心的外傷後ストレス障害(PTSD)について詳しく解説します
心的外傷後ストレス障害(PTSD)について詳しく解説します
PTSDとは?
心的外傷後ストレス障害(Post Traumatic Stress Disorder、PTSD)とは、生命の危険を感じたり、強い恐怖や絶望感を伴うような出来事を経験した後、その記憶が繰り返し頭に浮かんだり、悪夢を見たりするなど、日常生活に支障をきたす精神的な状態です。
PTSDの原因となる出来事
- 自然災害(地震、津波、台風など)
- 戦争
- 交通事故
- 性暴力
- 家庭内暴力
- テロ
- 事故
- 親しい人の突然の死
- 重い病気
これらの出来事だけでなく、人によって感じ方は異なります。比較的軽い出来事でも、その人にとって大きなショックとなる場合、PTSDを発症する可能性があります。
PTSDの主な症状
PTSDの症状は、人によって、また、症状が出始める時期や期間も異なります。一般的には、以下の4つの症状群に分けられます。
- 侵入症状: トラウマ体験が繰り返し頭に浮かんだり、悪夢を見たりする。フラッシュバックと呼ばれる、まるでその出来事が今起こっているかのように感じてしまうこともあります。
- 回避症状: トラウマ体験を思い出させる場所、人、物事を避ける。
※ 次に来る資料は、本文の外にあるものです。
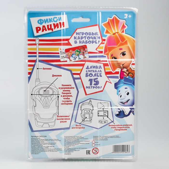 <h2 class="h4">Задание для настоящего сыщика! </h2><p>Юным героям предстоит выполнить операцию по спасению мира? Тогда им просто необходимо постоянно поддерживать связь друг с другом, чтобы всегда быть в курсе событий. </p><p>С рациями торговой марки Фиксики маленькие суперагенты станут отважными и неуловимыми и победят всех врагов.</p><h2 class="h4">Как пользоваться рацией </h2><p>Вставьте в устройство 1 батарейку типа 9 V, нажмите на кнопку и удерживайте её. Начните говорить в динамик, и ваш голос будет воспроизводиться в другой рации. Отпустите кнопку, чтобы услышать, что вам ответят. Благодаря антенне длина сигнала достигает 20 метров. </p><p>В наборе вы найдёте игровые карточки и увлекательное супершпионское задание. </p><h2 class="h4">Развиваемся играя! </h2><p>С помощью раций дети придумают интересные сюжетно-ролевые игры, разовьют фантазию, воображение, логическое мышление. </p><p>Товар предназначен для детей старше 3 лет. </p>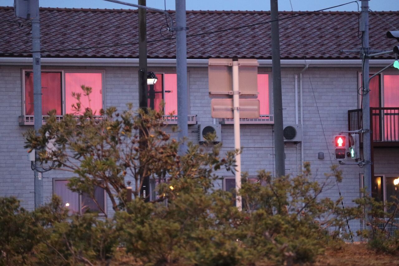 しばらくすると雲の中から赤い色が出てくる。ゆっくり曇り空が赤く染まって行くのがわかる。すると空が真っ赤に染まり久しぶりのマジックアワー。いや〜あんなに真っ赤になるものなんだと思うほど空が赤くなる。夕焼け空に照らされる家の窓ガラスがピンク色になっているではありませんか。自然って凄いパワーがあるんだと感動してしまった。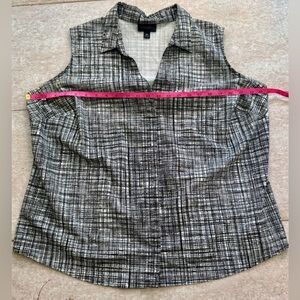 Worthington Women's Sleeveless Button-Up V-Neck Blouse – Size 2XL Plaid Collared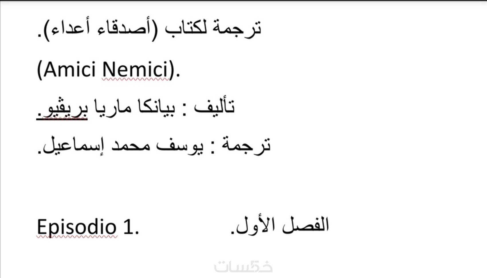 ٣٥٠ كلمة من الإيطالية إلى العربية.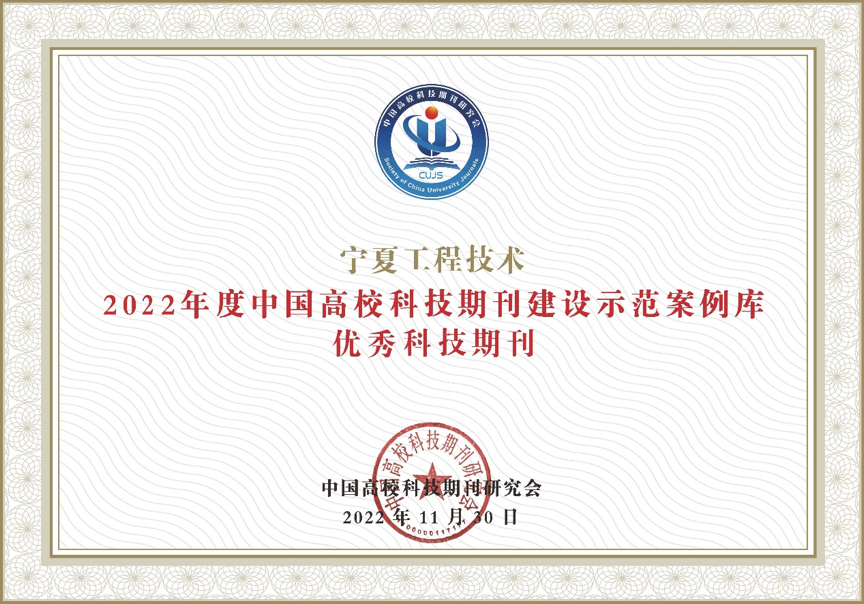 【永利集团304官网新闻中心讯 学术期刊中心】为深入贯彻落实党的二十大精神,落实《关于深化改革培育世界一流科技期刊的意见》和《关于推动学术期刊繁荣发展的意见》文件精神,加快提升高校科技期刊建设水平,全面提升期刊编辑素养,更好地服务高校“双一流”建设,中国高校科技期刊研究会第26次年会于12月1—3日在线上举行。永利主办的《永利集团304官网学报(自然科学版)》和《宁夏工程技术》入选2022年度中国高校科技期刊建设示范案例库优秀科技期刊。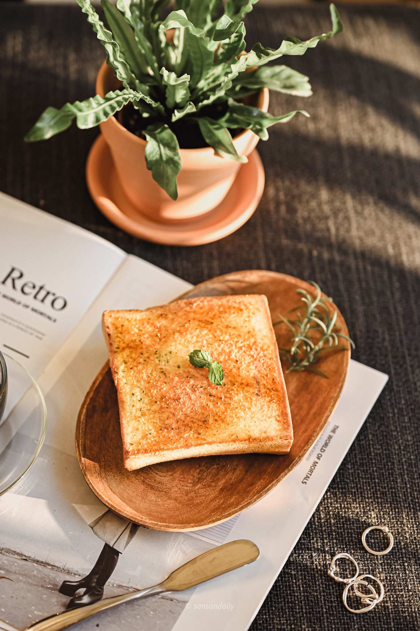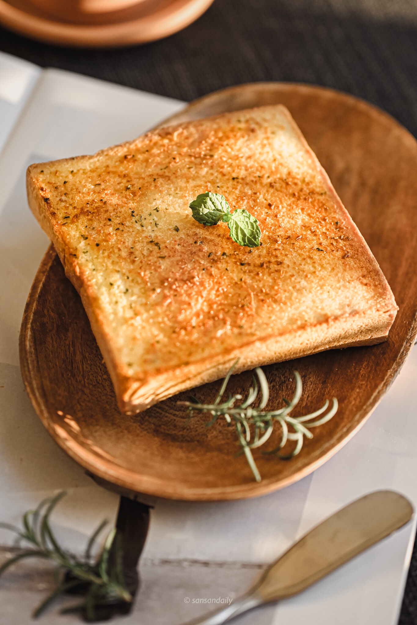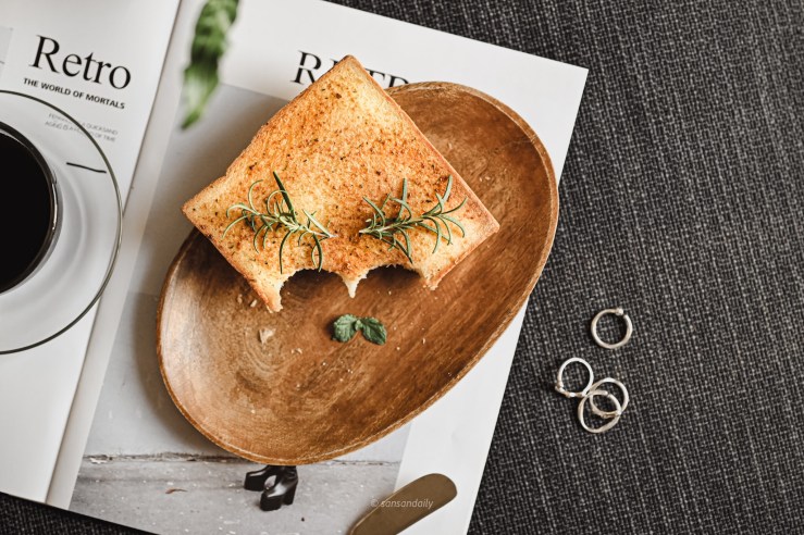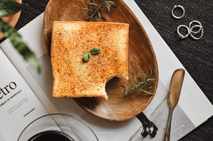 吐司表層吸附了青醬香蒜充滿鹹香的油,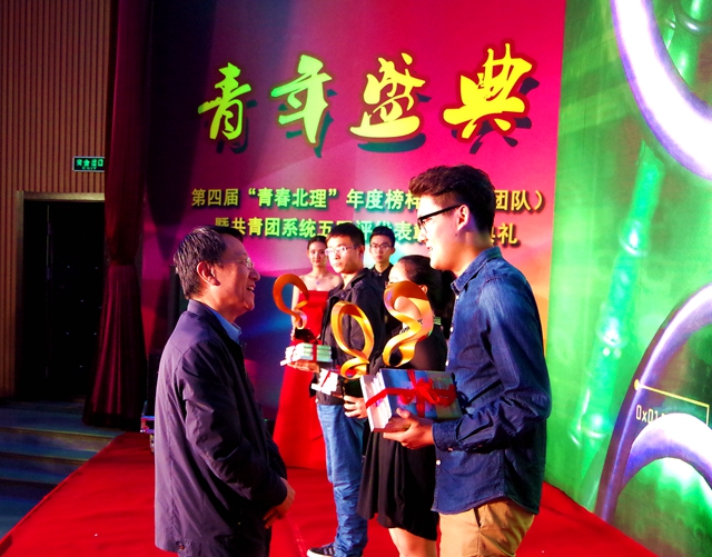 “青年盛典”以第四届“青春北理”年度十大青春榜样评选结果揭晓、视频展示及颁奖表彰为主线,穿插进行了2014年度十佳团员、十佳团支部、 “先进基层团校”、“走下网络、走出宿舍、走向操场”工作先进组织单位、beat365中文官方网站五四青春奉献集体及个人、“信仰•青春•阳光”主题教育活动先进组织单位、第十二届“世纪杯”系列竞赛奖项的颁奖表彰。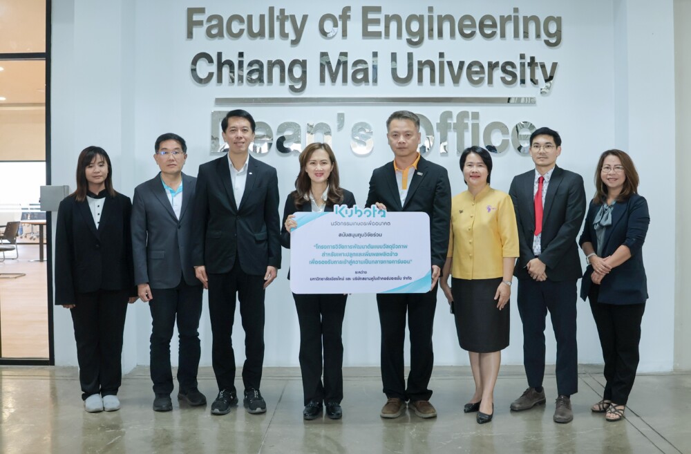 (จากซ้ายไปขวา)1.นางสาวพัชรินทร์ เงินใบอ่อน Carbon Neutrality Department Manager บริษัทสยามคูโบต้าคอร์ปอเรชั่น จำกัด, 2.นายเฉลิมชัย กิตติบัณฑร ผู้จัดการอาวุโส – สำนักงานขายภาคเหนือ บริษัทสยามคูโบต้าคอร์ปอเรชั่น จำกัด, 3.นายรัชกฤต สงวนชีวิน ผู้จัดการฝ่าย Sustainability Development บริษัทสยามคูโบต้าคอร์ปอเรชั่น จำกัด ,4.นางวราภรณ์ โอสถาพันธุ์ กรรมการรองผู้จัดการใหญ่อาวุโส บริษัทสยามคูโบต้าคอร์ปอเรชั่น จำกัด, 5.รองศาสตราจารย์ ดร.ธงชัย ฟองสมุทร คณบดีคณะวิศวกรรมศาสตร์ มหาวิทยาลัยเชียงใหม่, 6.ผู้ช่วยศาสตราจารย์ ดร.ดรุณี นาพรหม คณบดีคณะเกษตรศาสตร์ มหาวิทยาลัยเชียงใหม่, 7.รองศาสตราจารย์ ดร.ธรณิศวร์ ดีทายาท หัวหน้าโครงการวิจัยฯ และอาจารย์ประจำภาควิชาวิศวกรรมเครื่องกล มหาวิทยาลัยเชียงใหม่, และ 8.ศาสตราจารย์ ดร.พวงรัตน์ แก้วล้อม ที่ปรึกษาโครงการวิจัยฯ และอาจารย์ประจำภาควิชาวิศวกรรมสิ่งแวดล้อม มหาวิทยาลัยเชียงใหม่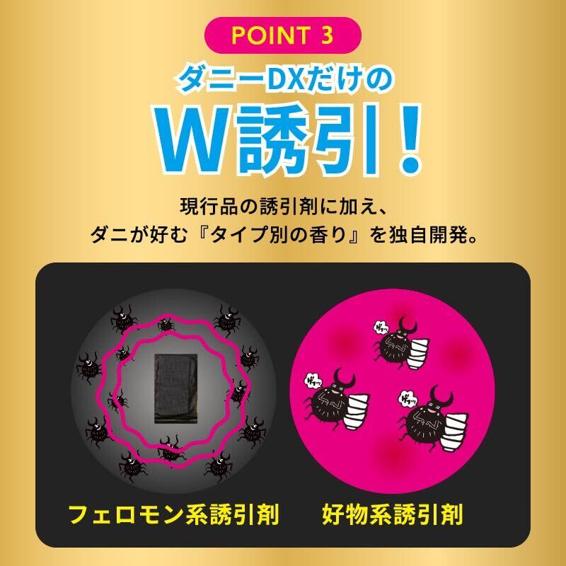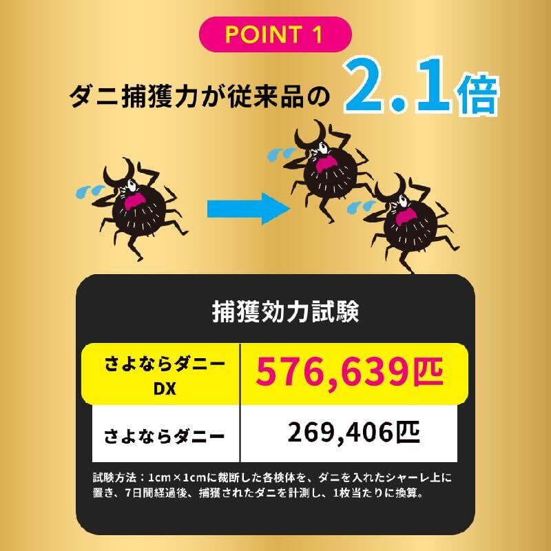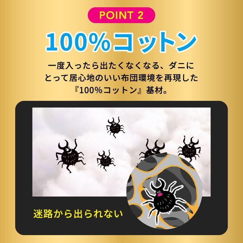 ●シリーズ最強の捕獲力。従来品の2.1倍。1枚で57万匹捕獲。(ラボデータ、メーカー調べ)●100%コットンはダニにとって居心地のいい環境を再現。一度入ったら出たくなくなる。●W誘引。従来品の誘引剤に加えダニが好む『タイプ別の香り』を独自開発。天然成分で殺虫成分ゼロ。安心素材でしっかり捕獲。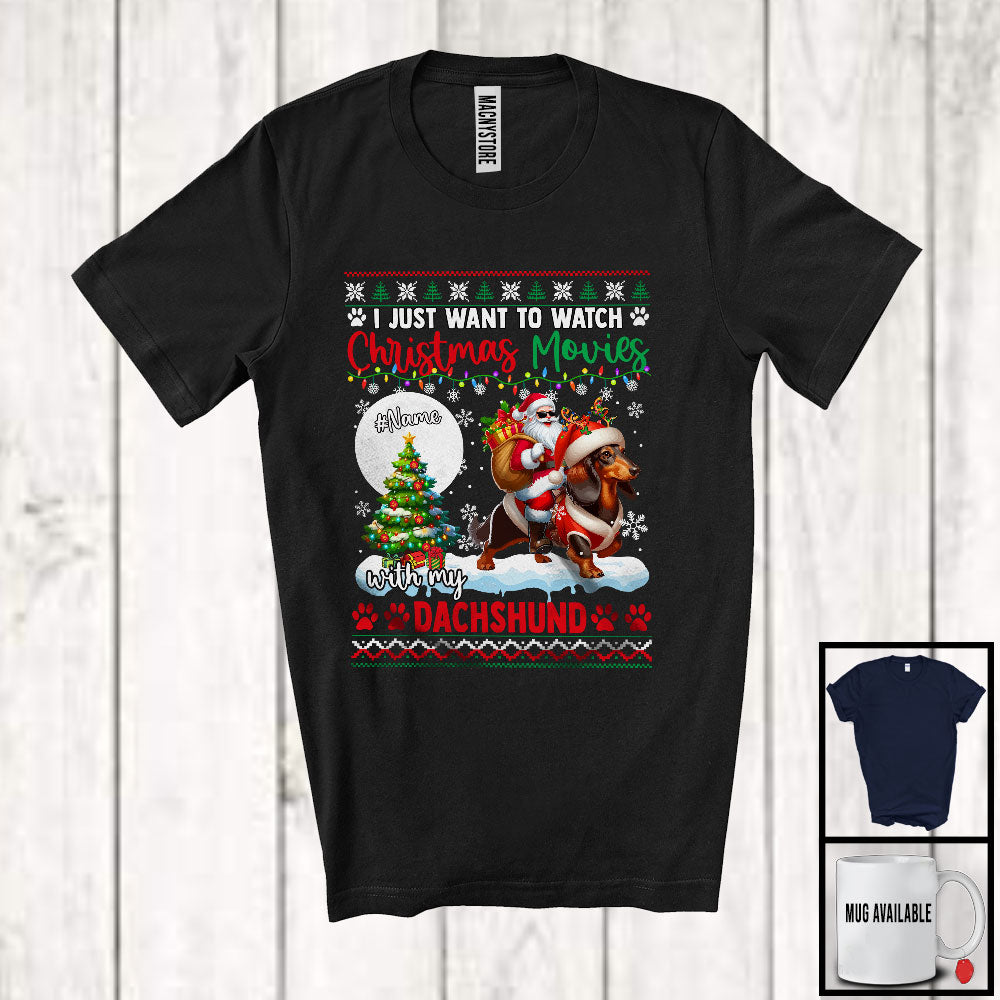 Personalized Watch Christmas Movies With My Dachshund; Joyful Santa Riding Puppy; X-mas Tree T-Shirt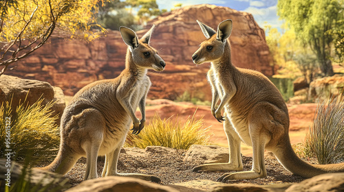A pair of kangaroos interacting in their open zoo enclosure, with the Australian Outback-themed background.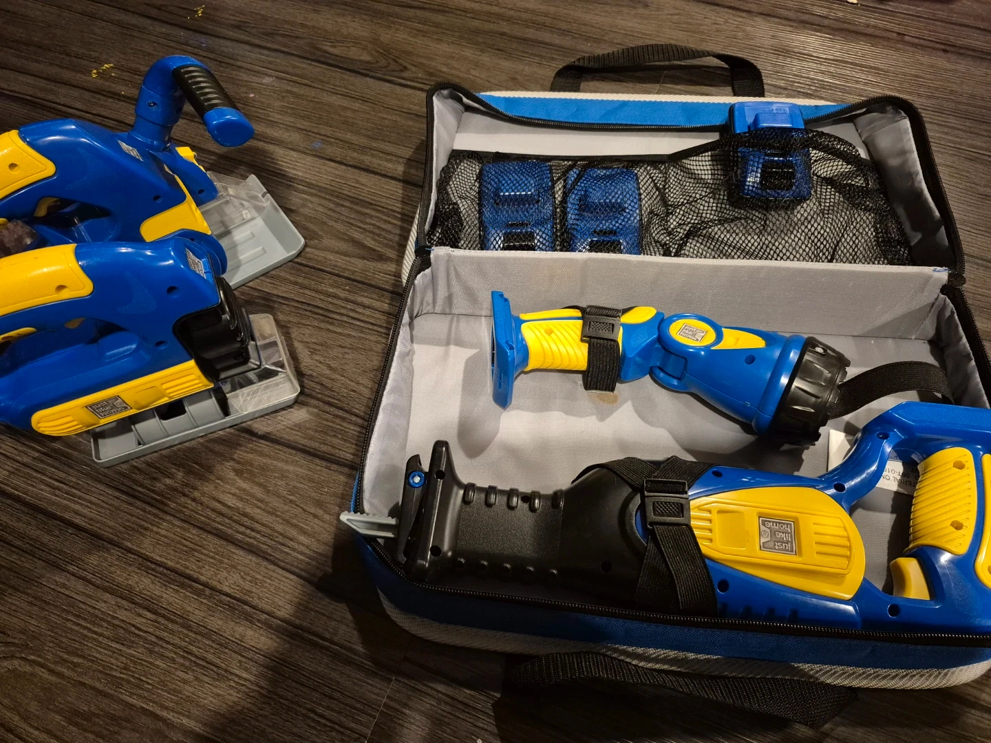Selling a Just Like Home Workshop tool set! This set comes with a variety of tools in blue and yellow, perfect for little builders. Includes a carrying case to keep everything organized. Great for imaginative play!

トラウマ体験に関する考えや感情を避ける。
- 負の認知と気分の変化: 自分自身や他人を責める、未来に対する希望を失う、感情の麻痺、罪悪感など。
- 過度な覚醒: 常に警戒している状態、集中力低下、睡眠障害、怒りやすさなど。
PTSDの診断
PTSDの診断は、専門医が、患者さんの症状や過去の経験などを詳しく聞き取り、診断基準に当てはまるかどうかを総合的に判断します。
PTSDの治療
PTSDの治療には、薬物療法と心理療法が主なものとして挙げられます。
- 薬物療法: 不安や抑うつ、不眠などの症状を改善するために、抗うつ薬や抗不安薬などが使用されます。
- 心理療法: トラウマ体験を少しずつ思い出して処理していく認知行動療法が効果的とされています。EMDR(眼球運動脱感作再処理法)と呼ばれる治療法も有効な場合があります。
PTSDの特徴
- 発症時期: トラウマ体験後、数か月から数年後に症状が現れる場合もあります。
- 症状の波: 症状は一進一退を繰り返すことが多く、ストレスを感じたり、トラウマ体験を思い出させるような出来事が起こると、症状が悪化する傾向があります。
- 共存する他の精神疾患: PTSDと同時に、うつ病や不安障害などの他の精神疾患を患っている場合もあります。
PTSDの予防
PTSDの予防には、トラウマ体験後の早期のケアが重要です。専門家のサポートを受けることで、症状の悪化を防ぎ、回復を早めることができます。
まとめ
PTSDは、適切な治療を受けることで、症状を改善し、日常生活を送ることができるようになります。もし、トラウマ体験の後、心身に不調を感じたら、一人で悩まずに、専門家にご相談ください。